Diary of an Oxygen Thief
- Author: Anonymous
- Language: English
- Genre: Memoir
- Publisher: Self Published
- Publication date: 2006
- Publication place: Netherlands
- Media type: Print
- Pages: 147 pp.
- ISBN: 978-0615275062
- Followed by: Chameleon in a Candy Store

= Diary of an Oxygen Thief =

2006 novel by Anonymous

Diary of an Oxygen Thief is a 2006 Dutch novel, written anonymously and published in Amsterdam by NLVI. Diary of an Oxygen Thief was called a "surprise dark-horse Williamsburg best seller" by New York Magazine, referring to the independent art, literature, and music scene in Brooklyn, New York. It is the first book of the Diary of an Oxygen Thief series, followed by Chameleon in a Candy Store and Eunuchs and Nymphomaniacs.

==Summary==
Purporting to be an autobiography, Diary of an Oxygen Thief begins with the narrator, an Irish advertising executive living in London, describing the pleasure he used to receive from emotionally abusing women. After the narrator starts attending AA meetings, he sobers up and looks back on his past relationships with a measure of remorse. After taking a job in the United States, the narrator is confronted externally by the absurdity of corporate North America, culture shock, and the conflict of moving from the lower to upper-middle class. Internally he grapples with paranoia, addiction, and a legacy of pain. Later, he meets a young, aspiring photographer in New York and falls in love with her.
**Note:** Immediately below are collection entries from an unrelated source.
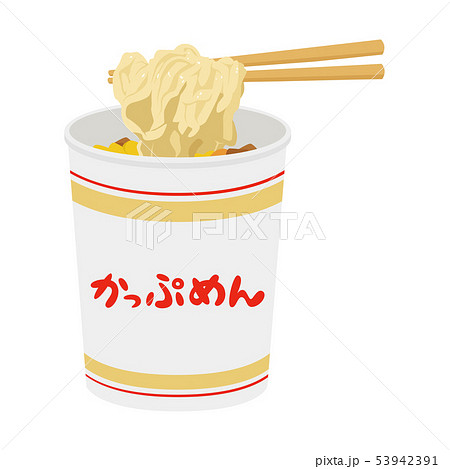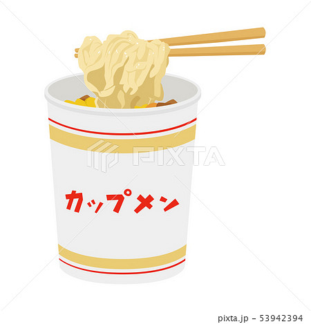 カップ麺のイラスト。コンビニで売ってるインスタントラーメン。箸で麺を食べる。
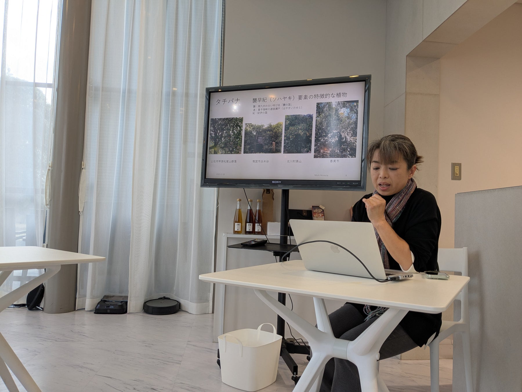 一般的なユズの特徴やその利用方法などの話から始まり、DNA解析に基づいた在来柑橘の起源や派生についての講義がありました。また、渡来人や修験道の修行僧、平家の落人の移動とともに日本国内にユズが伝播したという諸説や、山梨県も縁のある「富嶽三十六景」の葛飾北斎が病に倒れた際にユズを利用した薬により回復したという昔の利用方法についても紹介されました。
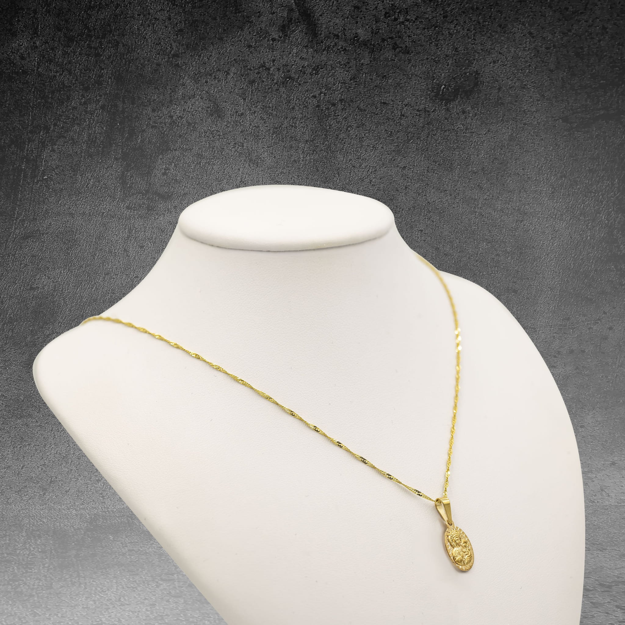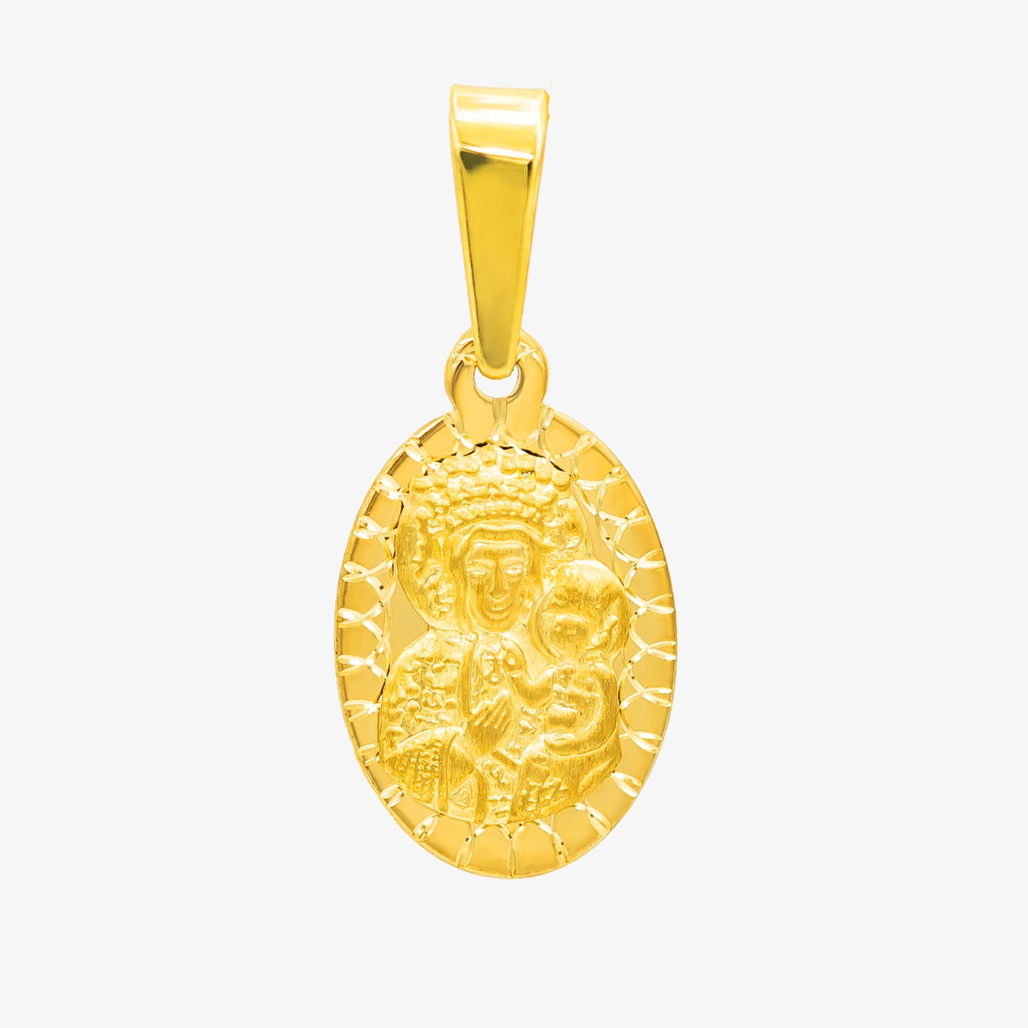 Złoty owalny medalik Matka Boska Częstochowska diamentowana oprawa
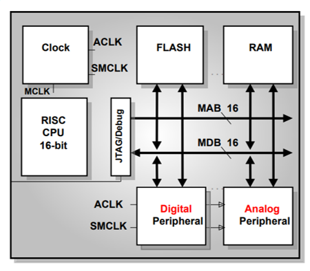 - 模拟比较器A,Timer_A/B,10/12bit ADC
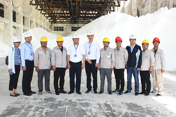 白鴻一行先后到興昊永勝鹽業(yè)公司鹽庫、鹽硝裝置、熱力裝置、企業(yè)文化展廳等地進行實地調(diào)研,并在鹽庫合影留念。
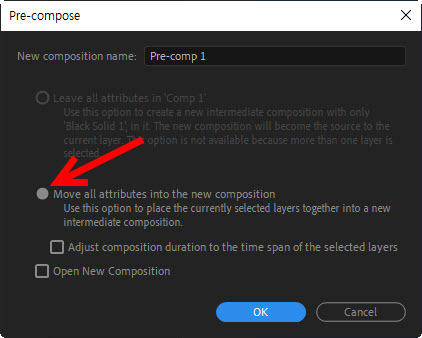 3)move all attributes into the new composition에 체크한후 확인합니다.
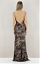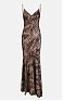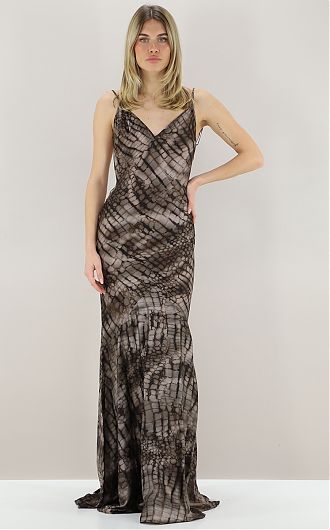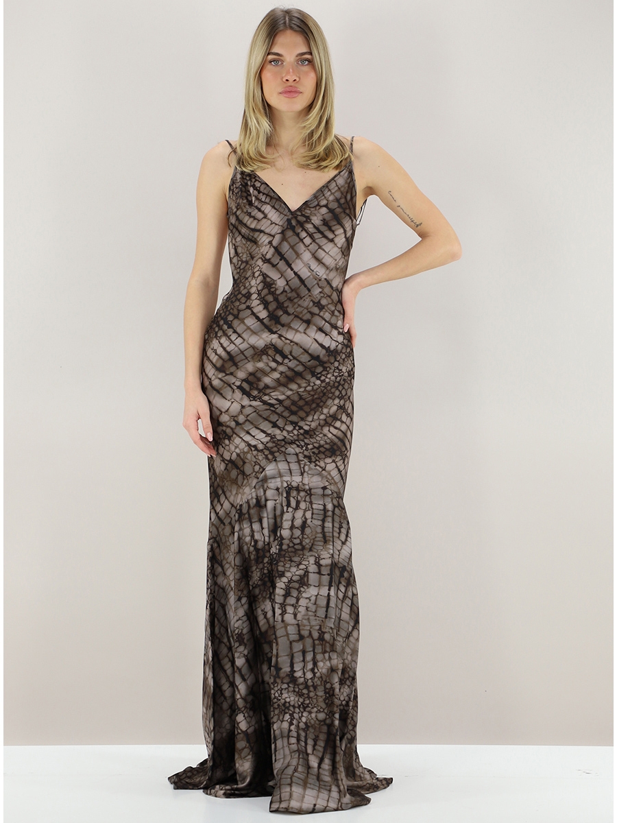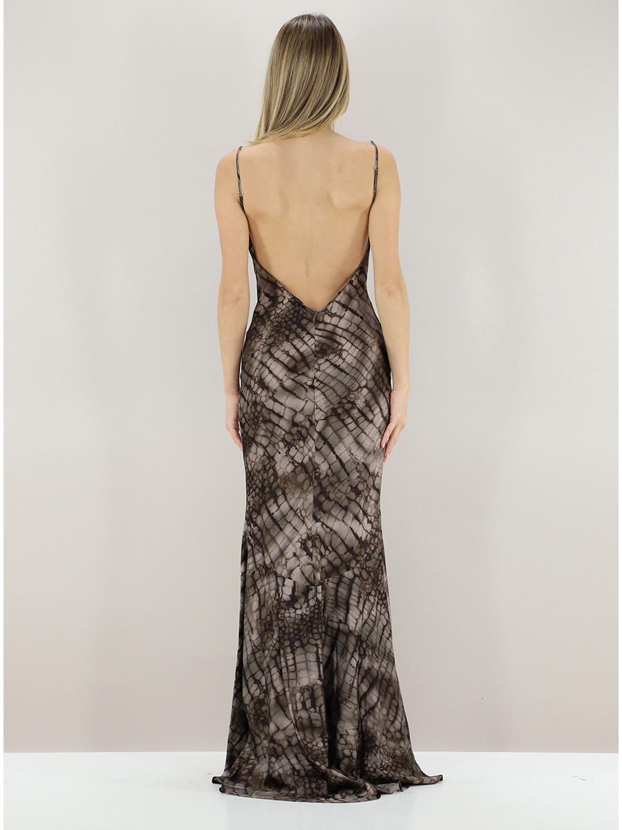 Приталенное вечернее платье из атласа стретч. Модель на тонких бретельках с открытой спинкой. Изюминку в изделие вносит сплошной принт под кожу крокодила, навеянный природными мотивами и формами. Клиньевая юбка создаёт изящный объём внизу нового сезона Элизабетта Франчи весна-лето 2026.
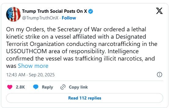 دونالد ترامپ، رئیس جمهوری آمریکا شامگاه جمعه ۲۸ شهریور (۱۹ سپتامبر) در شبکه اجتماعی خود "تروث سوشال"، اعلام کرد در عملیاتی که توسط ارتش این کشور انجام گرفته "سه تروریست مواد مخدر" کشته شدهاند.
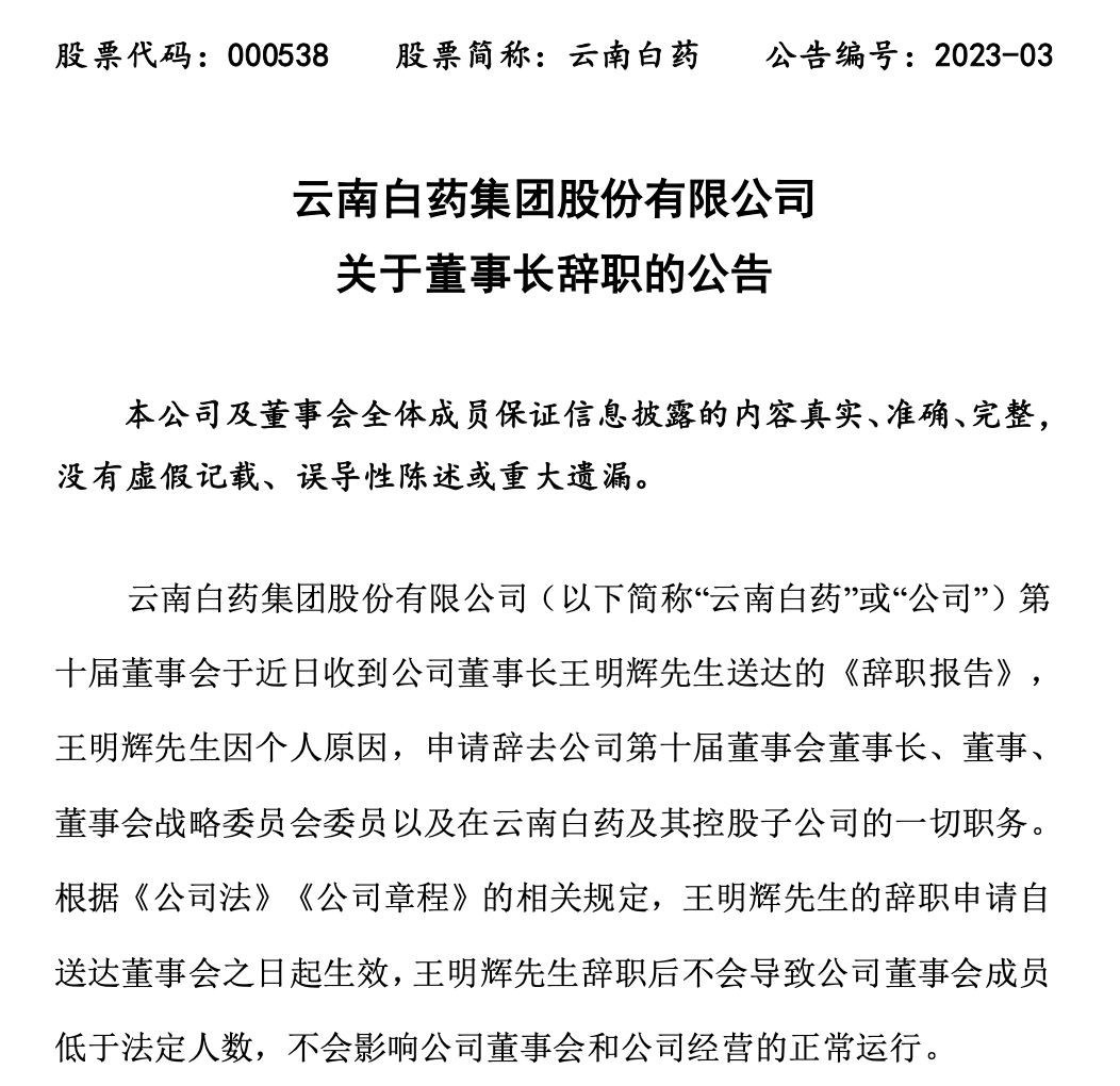 昨晚,云南白药发布公告称,董事长王明辉递交《辞职报告》,因个人原因,申请辞去公司第十届董事会董事长、董事、董事会战略委员会委员,以及在云南白药及其控股子公司的一切职务。
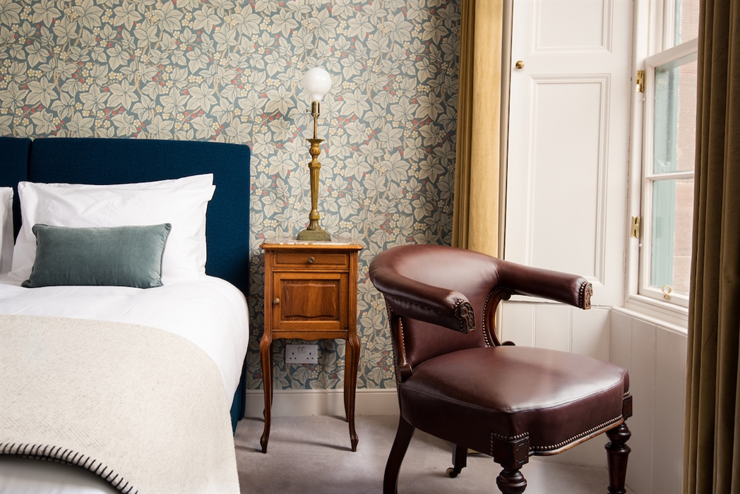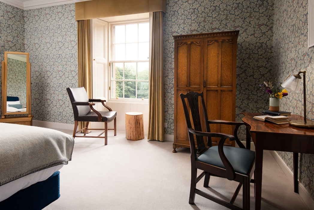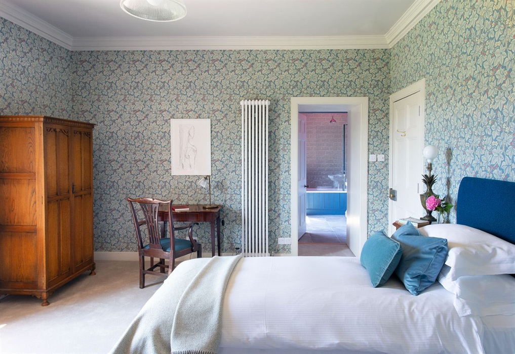 The bedrooms exude understated luxury with rich, natural fabrics and sumptuous Harrison Spinks’ beds dressed with hypoallergenic vegan down duvets and pillows from the Fine Bedding Company along with high-quality cotton bed linen and towels. The bath and shower rooms have powerful showers, heated mirrors, underfloor heating and Heritage or original fittings. Guests are provided with vegan Moo & Yoo guest amenities.

The "Oxygen Thief" in the title refers to the narrator's low self-esteem. Because of his sense of self-loathing, he seems to go through life believing he is unworthy of the very air he breathes.

==Reception==
Diary of an Oxygen Thief quickly became popular from its initial publication in 2006 to 2016 where it was listed on both Amazon and iTunes 20 top selling books. It was republished in 2016 by Simon & Schuster imprint Gallery Books.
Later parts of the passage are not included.